Mais que signifie cette assurance très concrètement ? Il serait dangereux qu'elle nous conduise à une sorte d'enthousiasme euphorique, une certitude sans limites, au-delà de tout doute, une gloire qui nous ferait ignorer tout obstacle. Nous pourrions soudain, après avoir subi l'impuissance et la résignation, penser dans une sorte d'illumination religieuse que nous pouvons maintenant tout faire, que plus rien ne nous est impossible. Mais comme le disait l'écrivain sud-africain André Brink dans un roman :"il n'y a que deux espèces de folies contre lesquelles il faut se protéger, celle de croire que nous ne pouvons rien faire et celle de croire que nous pouvons tout faire". (extrait de : "Une saison blanche et sèche", page 303).

Entre ces deux extrêmes, l'assurance de la foi est celle d'une sérénité lucide ou d'une lucidité sereine. Elle prend en compte les limites de notre condition, s'inscrit dans les tensions de la vie, se confronte aux ombres de la mort sans les renier, mais aussi sans capituler, sans désespérer d'elles. Elle s'ouvre à l'humain en toute liberté sereinement et lucidement en même temps.

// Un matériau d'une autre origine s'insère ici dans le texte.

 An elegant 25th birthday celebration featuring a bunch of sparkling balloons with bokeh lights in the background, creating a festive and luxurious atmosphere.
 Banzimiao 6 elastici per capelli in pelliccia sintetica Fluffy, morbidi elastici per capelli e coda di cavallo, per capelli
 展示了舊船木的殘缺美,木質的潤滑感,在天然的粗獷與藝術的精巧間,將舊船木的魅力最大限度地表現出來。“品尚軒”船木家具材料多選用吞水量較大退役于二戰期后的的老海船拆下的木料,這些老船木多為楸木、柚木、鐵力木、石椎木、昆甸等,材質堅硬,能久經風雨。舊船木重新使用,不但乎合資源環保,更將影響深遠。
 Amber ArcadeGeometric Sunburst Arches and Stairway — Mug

C'est ce qui ressort d'ailleurs d'emblée de notre récit de miracle. Le réveil de la fille de Jaïros n'a rien d'une victoire spectaculaire, d'un événement sensationnel. Bien au contraire. En fait, tout se passe très simplement : pas de grands gestes dramatiques, pas de formules magiques ou de rites extraordinaires. Un bref appel suffit :"Mon enfant, réveille-toi!" En même temps, tout reste très discret : le réveil s'effectue devant un cercle restreint, loin de la foule, et Jésus donne l'ordre de ne dire à personne ce qui est arrivé. Pas de spectacle, donc, et pas de sensation ! Et immédiatement, Jésus porte le souci du quotidien, de la vie qui reprend. Lui qui en a nourri 5000, il donne l'ordre de donner à manger à la fille. La vie reprend; il faut reprendre l'élémentaire du quotidien, le manger et le boire, que nous allons célébrer tout à l'heure.

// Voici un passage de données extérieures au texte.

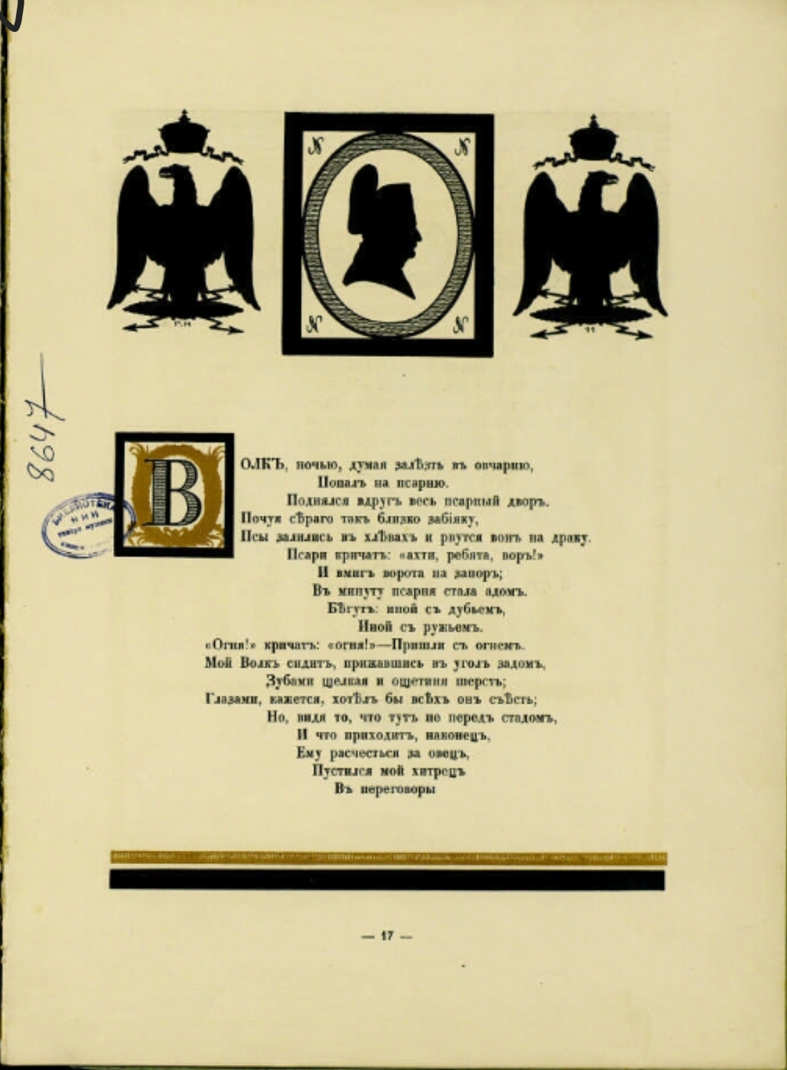Иллюстрации Нарбута призваны были вернуть басню в исторический контекст. Рисунки из сборника "Спасенная Россия по басням Крылова". Столетний юбилей. Пышное оформление.

Une fois de plus : n'y a-t-il pas là aussi quelque chose de la simplicité et discrétion de Noël ? La vie nouvelle commence en bas, dans l'incarnation, dans les limites de la vie humaine, dans les gestes simples et élémentaires qui l'accompagnent, dans les détails du quotidien. "Dieu git dans les détails", comme le souligne un récit de Marie Depussé. Mais en même temps, tout cela se trouve placé sous le signe de la sérénité de Jésus, qui ne nous dispense pas de la lucidité, mais vient l'éclairer d'une confiance nouvelle. C'est elle qui nous donne la force, le courage de résister sans cesse à la logique de la mort, de relancer sans cesse le réveil à une vie nouvelle. Cela vaut à l'égard de notre vie quotidienne. Notre présent aussi difficile soit-il, est le lieu où se dit aujourd'hui encore la promesse d'une présence qui l'habite, d'une présence qui nous donne d'être pleinement présents à nous-mêmes. Cela vaut aussi dans nos rapports à autrui. Nous sommes tentés de nous fermer à l'autre lorsqu'il nous dérange, lorsqu'il nous inquiète, de nous abriter derrière des mesures de contrainte. Notre récit de réveil nous invite à résister aux contraintes par des actes simples, discrets, lucides et sereins, d'accueil des petits, des exclus, des refoulés, de ceux que l'on considère comme quantité négligeable. Le soutien d'un réfugié paniqué, la visite d'une personne seule, l'accompagnement d'un mourant : autant de réveils à la vie. Cela vaut finalement du point de vue du monde. Nous sommes aujourd'hui paralysés par les ambiances de fin du monde, au point de ne plus rien pouvoir faire, ou alors de vouloir soudain tout faire, dans une sorte de délire de pouvoir. Un vieil aphorisme aux origines peu connues précise bien ce qu'est ici la lucidité sereine ou la sérénité lucide :"la fin du monde serait-elle pour demain, je n'en planterais pas moins un petit pommier aujourd'hui!"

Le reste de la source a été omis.